While we know something about the many factors that affect our health and vitality, as well our risk of disease, we know a lot less about their relative importance for specific population groups. It’s no wonder then that any one of us can cherry pick data to suit our belief system or experience. Human nature being what it is, we can be much more persuaded when the information we choose to look at supports a consistent logic structure that both validates our belief system and supports our own experiences.

I find very few, if any, relevant data from human trials, such as prospective cohort studies, or from epidemiological studies, that support the long-term safety and benefits of full-blown carnivorous diets in Western humans living in industrialised societies. However, I hear, loud and clear, the revelations among clinicians and patients who report rapid recovery from auto-immune conditions or successful weight loss when all plant foods are removed from the diet. Take the plant ‘noise’ out of a dysregulated immune and endocrine system, and that can be the start of a healing journey. But it may not necessarily mean it’s the end of it.

Critically, these short-term benefits should not be confused with long-term safety, or the denial of extensive evidence of the long-term health benefits and resilience associated with consumption of diverse, plant-based diets, which may or may not include significant amounts of animal-derived foods.

Complicating matters further, we have to also recognise the likely impact of the last century or so of plant breeding and changes in cultivation method. Let me be controversial: these changes may be even more impactful to health than the introduction of genetically engineered crops. They have resulted in huge changes in phytochemical profile and relative amounts of digestible and indigestible (fibre) carbohydrate, as compared with traditional plant-based diets that originate from traditional cultivation and food preparation methods.

That’s why I find it useful to think of knowledge, most of which is extremely limited given we’re still in our infancy in understanding human nutrition within an ecological and epigenetic context, as distinct from our belief systems (see Figure below).

Figure. From my presentation entitled “Shifting paradigms in research outcomes” given at the Royal Society of Medicine, 14 July 2018, adapted from information in Friedkin NE et al. Network science on belief system dynamics under logic constraints. Science. 2016; 354(6310): 321-326.

Where to in the mists of confused or unclear science?

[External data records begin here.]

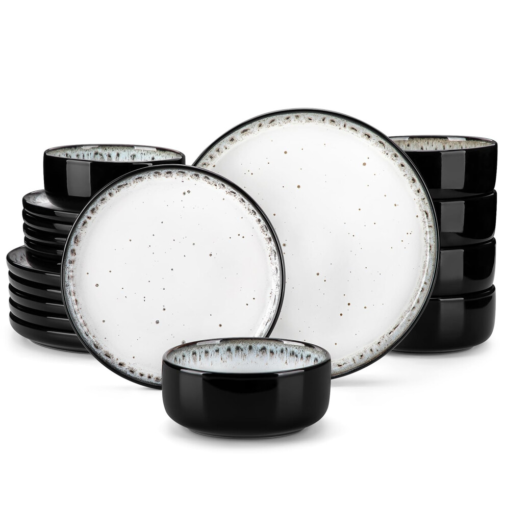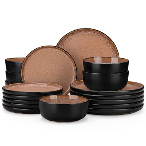 Homikit Dinner Sets for 6 People, 18-Piece Reactive Glaze Plates and Bowls Set, Elegant Dinnerware Stoneware for Kitchen, Healthy & Scratch Resistant,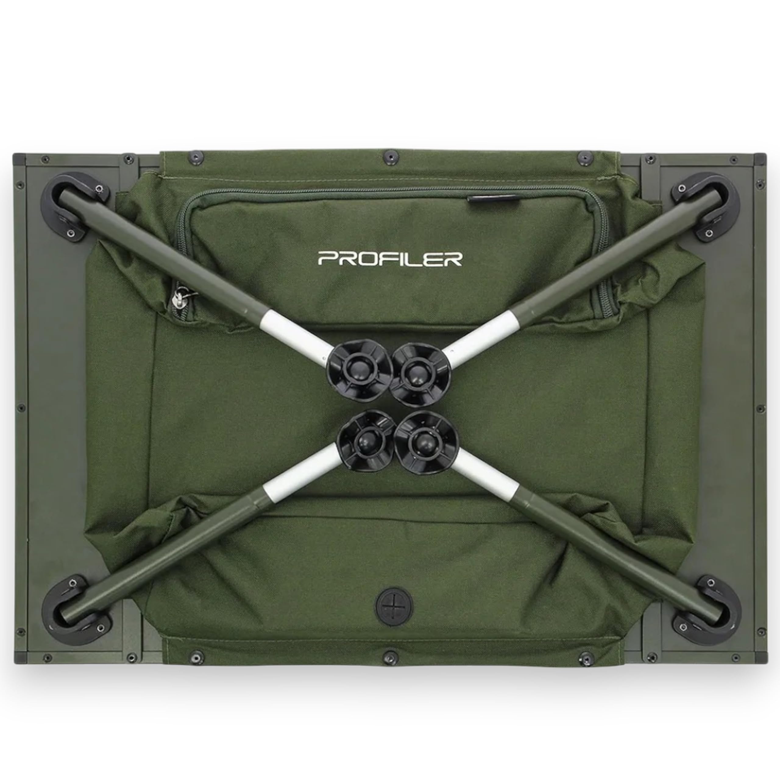 The integrated underside storage bag is another genuinely useful touch. It gives you somewhere to stash smaller items you want close at hand but off the tabletop, and the soft grommet on the back of that bag adds a bit of thoughtfulness to the design. The phone/tablet slot is also handy for anglers who use their device for alarms, weather checks, session notes, or watching a bit of content during a quiet night session. The caveat is clear: the tablet is not included, so this is a convenience feature rather than a bundled extra.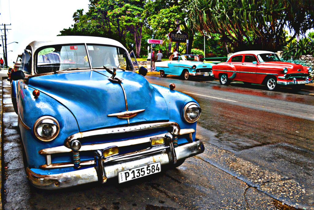 Typical scene of classic American cars parked on Havana streets.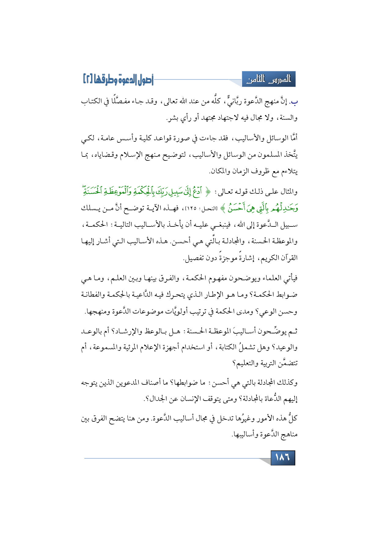 {ادْعُ إِلَى سَبِيلِ رَبِّكَ بِالْحِكْمَةِ وَالْمَوْعِظَةِ الْحَسَنَةِ وَجَادِلْهُمْ بِالَّتِي هِيَ أَحْسَنُ} [النحل:125].

Should we bury our heads in the sand and leave scientists and governments to argue it out? Absolutely not! For those of us interested in using diet to optimise our health in the short- as well as the long-term, we must do what appears to work best for each one of us. That’s what our health sustainability ‘blueprint’ is all about – a system that helps us to evaluate what works for each one of us, genetically different individuals, living in unique and often highly varied, dynamic environments.

In the meantime, if you’re going to compromise and look at what many people appear to do well on, getting the best of both worlds (fatty acids, protein quality, micronutrients, polyphenols, fibre, etc) makes rational sense given all the available data and information. That includes taking into account the thorny, complex and multi-faceted issues of human and environmental sustainability.

And it’s from this non-binary place that the scientific, clinical and experiential evidence that underpins our Food4Health guidelines originates. But remember: diets are about choice, rather than obligation. In the light of such limited and contradictory information about human diets, the only views on diet I tend to dismiss are ones that are rigid and universally applicable.